Misconceptions about eating disorders being synonymous with females are still somewhat prevalent in society and that made it difficult for Harford to talk about his struggles with others initially.

But in the last few years, Harford has noticed a positive change in himself and has progressed to a place where he can talk openly about his experience.

That sense of personal development gave him the confidence to apply for the Underdogs TV show earlier this year which resulted in him attending one of the trials in Celbridge.

It was an opportunity to play high-level football and Harford was keen to challenge himself against a selection of players from around the country, who had never played senior inter-county championship football before.

Stephen H6 Ronan Mac Ruairi of Playertek breaks down the players' data following a challenge game for the Underdogs. Source: TG4 Player

Harford impressed the management team of Valerie Mulcahy, Ray Silke and Paul Galvin throughout the series, clocking up 1800m at sprint distance during one of their challenge games.

According to Ronan Mac Ruairi from Playertek — who was gathering this data for the Underdogs — that’s up near senior inter-county standard.

As part of the Underdogs series, three players are nominated for elimination each week, and Harford found himself on the unfortunate shortlist one week. It was over some miscommunication during a drill at one of their training camps.

Harford made a comment after he was criticised for carrying out the drill incorrectly, which led to the coaches questioning if Harford was coachable.

Harford felt confident going in to face the management team to find out who was going home, but doubts started to creep in when the other two candidates were saved and he was the last one in the room.

“To an extent, it might have gotten a bit of a monkey off my back because there was this ‘Who’s going to be nominated this week?’ There’s 30 guys at the camp and three of them are going to get nominated.

“I understood their point but I felt that was enough, I didn’t think they needed to put me through that [the nomination], because that was difficult. I didn’t think it was enough of a reason to put me there but they did.

I was more nervous watching that episode back than I was in the moment. I was afraid of how it was going to be portrayed and what audio might have been picked up and used.

“This is all afterwards. In the moment I was genuinely going to be me and I was going to stay calm.”

Harford was spared and didn’t face the elimination again for the remaining episodes, becoming a prominent attacking player for the Underdogs in the process.

The television obligations sometimes caused disruptions at training, which was difficult for all the players, including Harford, who were travelling a lot to try and maintain a balance between their club and Underdogs commitments.

While accounting for that, Harford enjoyed the overall experience which culminated in a showpiece game against the four-in-a-row All-Ireland winning champions Dublin.

Harford concedes that Jim Gavin’s charges might have been too much of a challenge for the Underdogs team which was assembled over the course of just a few months.

But the one-sided result aside, there were some positives for the Underdogs team with a number of the players getting call-ups to their inter-county squads in the aftermath.

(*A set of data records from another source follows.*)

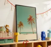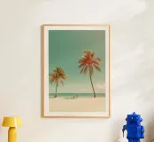 Cette superbe affiche illustre une scène de plage nostalgique de style rétro. L'image représente deux palmiers élégants sur une plage de sable immaculé, dont les feuilles s'illuminent d'une lueur chaude et ensoleillée. L'océan turquoise rencontre un ciel bleu clair, créant une toile de fond paisible et accueillante. Un filtre vintage subtil ajoute un charme intemporel et une nostalgie chaleureuse, ce qui rend cette pièce parfaite pour une maison au thème bohème ou rétro. Ce téléchargement numérique de haute qualité (7000x5000 pixels, 300 dpi) garantit une impression magnifique et détaillée, apportant des vibrations estivales dans n'importe quel espace.
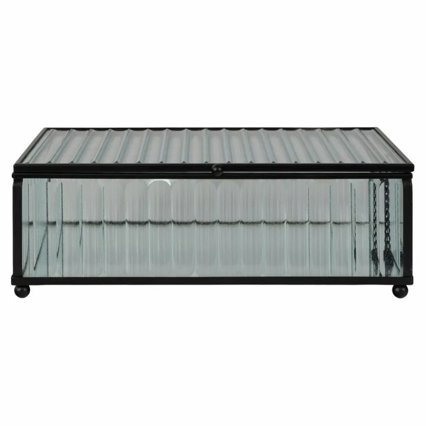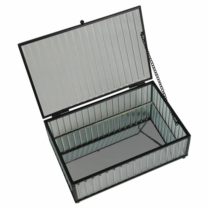 In der Aufbewahrungsbox Santorini 20×13 cm können Sie zum Beispiel lieb gewonnene Kleinigkeiten auf stilsichere Art und Weise unterbringen. Vor allem das attraktive Zusammenspiel von Glas und Metall bestimmt das ansprechende Erscheinungsbild dieser formschönen Dekobox. Dank der aufwendigen Verarbeitung werden Sie an der Aufbewahrungsbox Santorini 20×13 cm darüber hinaus lange Freude haben.
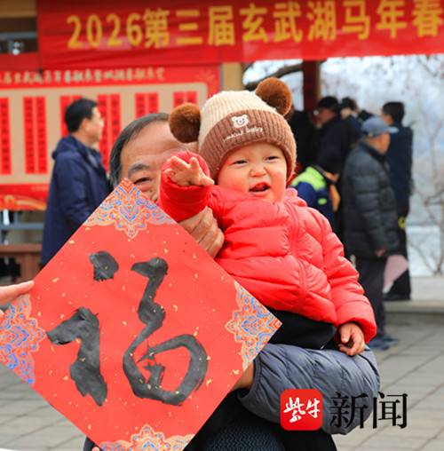 扬子晚报网2月1日讯(通讯员 戎飞霞 练红宁 徐福庚 记者 闫春旭)2026年第三届南京玄武湖双拥春联、马年春联展览在玄武湖樱洲长廊开幕,数十副双拥春联展示在长廊两侧,众多书法家挥毫泼墨,撰写“福”字和春联。既展现马年特色,又弘扬军民鱼水情深。不少闻讯而来的市民游客被吸引,纷纷围观,排队领取春联和“福”字。
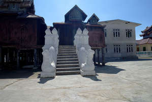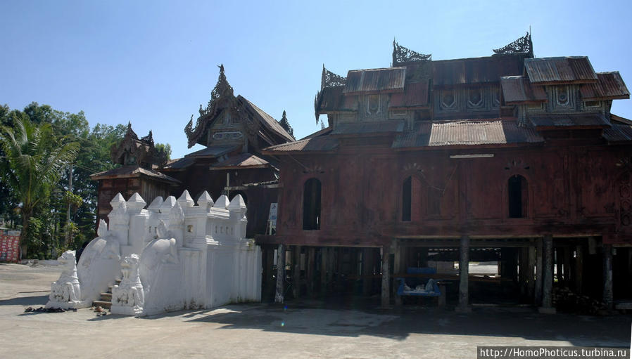 Первоначально мы вообще не планировали останавливаться в Ньяунг-Шве: самолет был задержан, и стало ясно, что полностью положенную программу мы физически не успеем сделать, но, проезжая по городу, не могли не обратить внимания, что в штате Шан Мьянмы все отличается от Мандалайской и более южных провинций — и люди (шаны вообще очень обособленный народ), и храмы, да и сам город. Поэтому, проезжая мимо очередного произведения шанских зодчих, заставили водителя остановиться и все же провести осмотр этого города, который, вообще говоря, достоин этой остановки и зря включен в программу только в малом количестве туров.
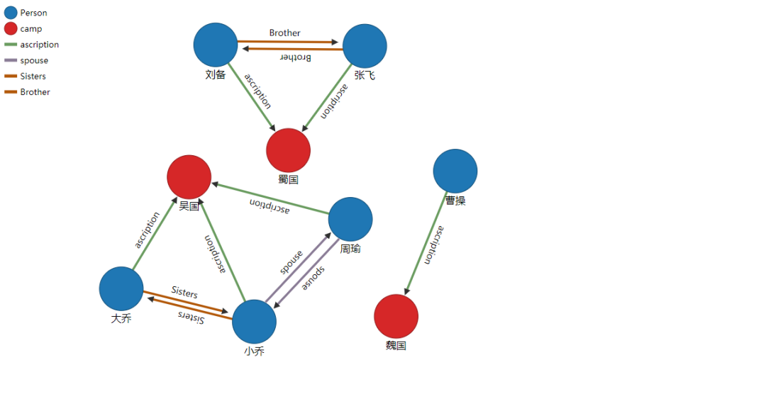 V 顶点(实体)person(英雄):周瑜,大乔,小乔,刘备,张飞,曹操Occupation(职业):法师,战士,肉辅,法辅camp(阵营):魏国,蜀国,吴国E 边缘(关系):spouse(夫妻),Sisters(姐妹),Brother(兄弟),,hostile(敌对),SecretLove(暗恋),ascription(归属),job(工作)
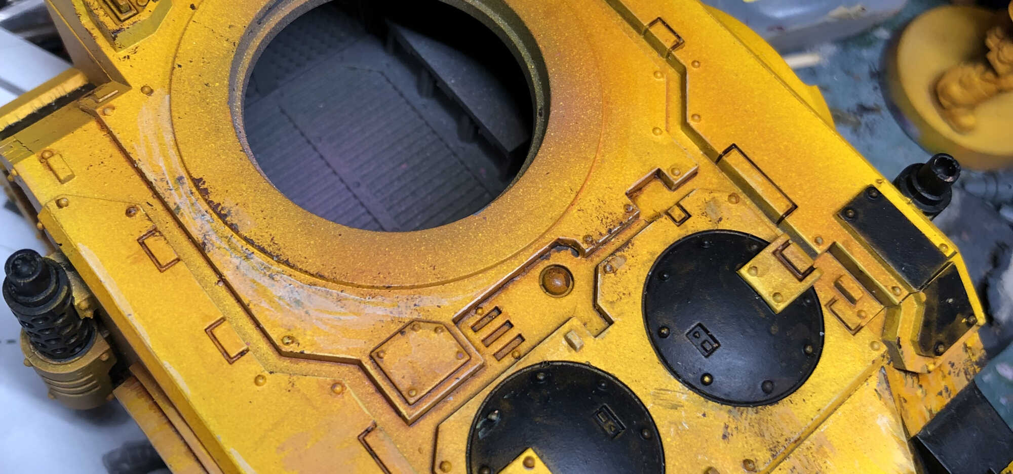 The second coat of screaming skull was thicker for the actual scratches, which gave me exactly what I was looking for where the turret rotates against the chassis.
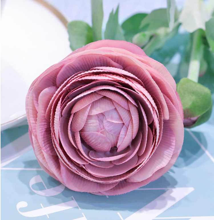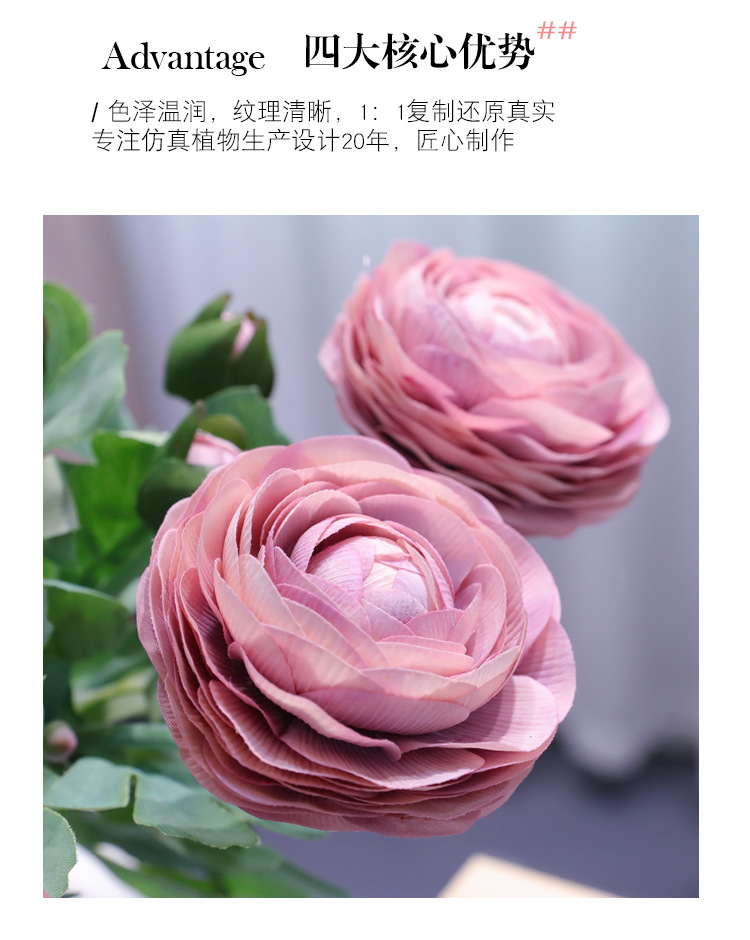 【畅销】50CM仿真手感保湿2头大毛莨假花 仿真保湿露莲花批发
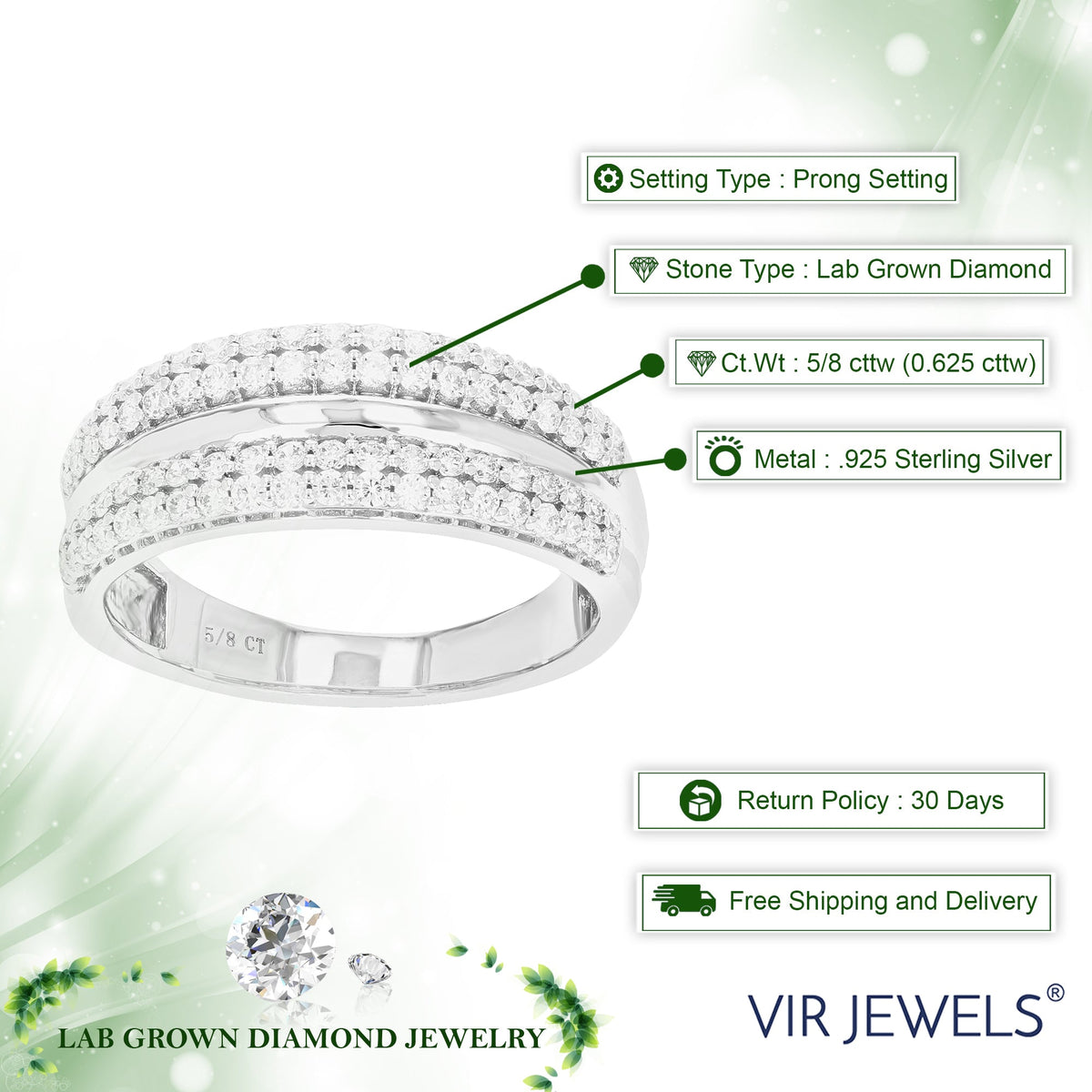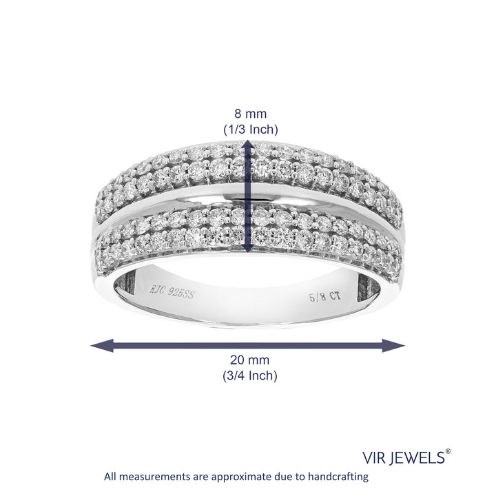 Handcrafted in .925 sterling silver, featuring 1/2 cttw lab-grown diamonds (80 stones). Round-cut diamonds with H-I color and SI1-SI2 clarity. Prong setting. Wedding band width: 8mm (1/3 inch).
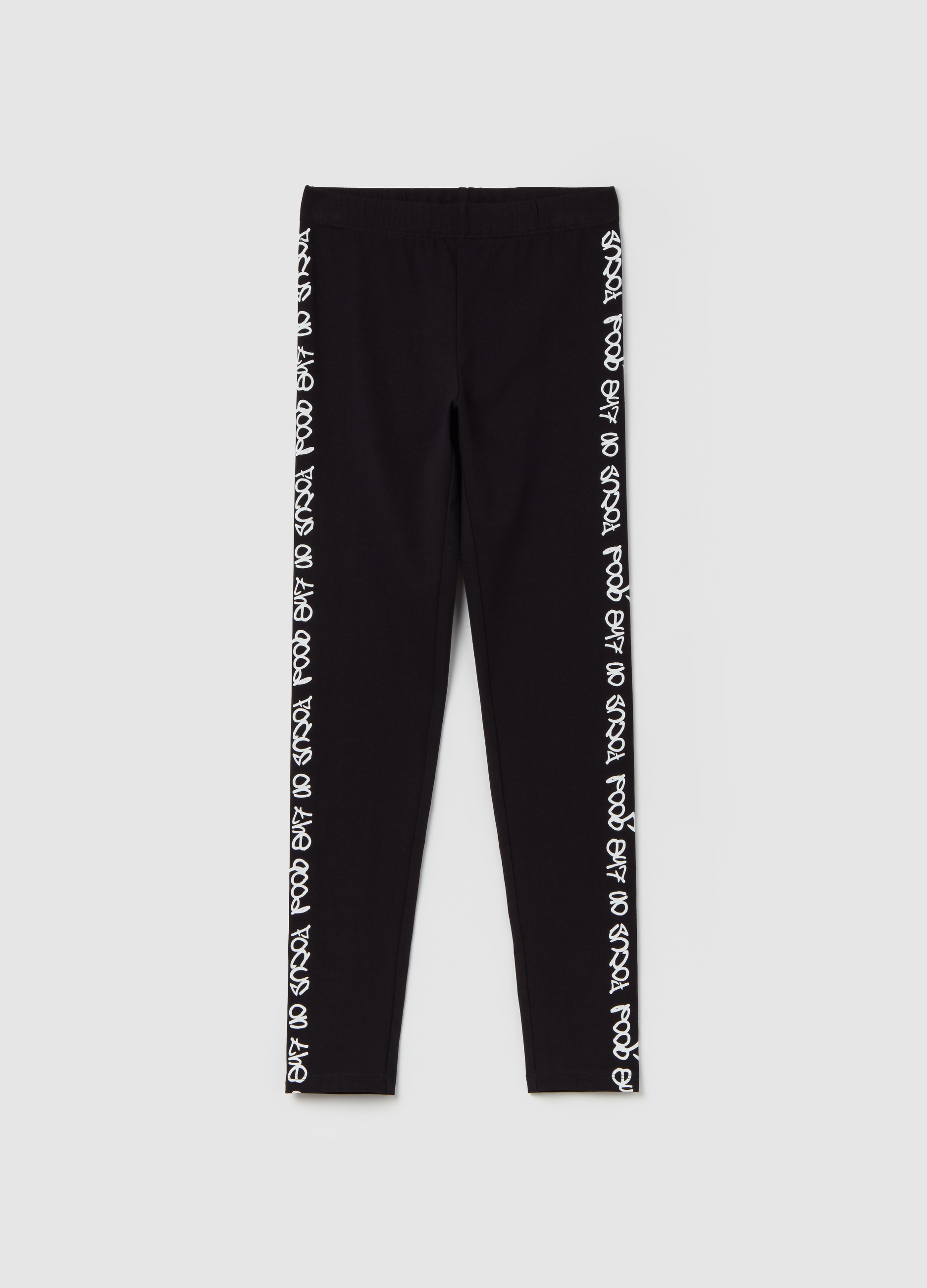 Black leggings with lettering print, ideal for a casual and sporty look every season. Made of elastic and comfortable fabric, they adapt perfectly to the shape of the body. Perfect for dynamic and fashionable outfits, to be combined with oversize t-shirts and sneakers for a trendy and comfortable look.

There’s been no contact from Gavin yet, but getting the opportunity to even train with Dublin would be a ‘dream come true’ for Harford who has just finished an impressive championship campaign with the Round Towers Lusk club.

They recently won their first Dublin intermediate crown before bowing out at the Leinster quarter-final stage to Kildare champions Two Mile House over the weekend.

Stephen H2 Stephen Harford alongside his fiancée Aoife. Source: TG4 Player

All in all, life is going well for Harford on the pitch, and more importantly, life is still enjoyable away from it too as he moves into a new house with his fiancée Aoife.

He’s no longer tormented by the thoughts that afflicted him with an eating disorder for almost a decade, and those struggles with self-confidence have been conquered.

As he said while speaking about defeating his condition on TG4, “I love me now.”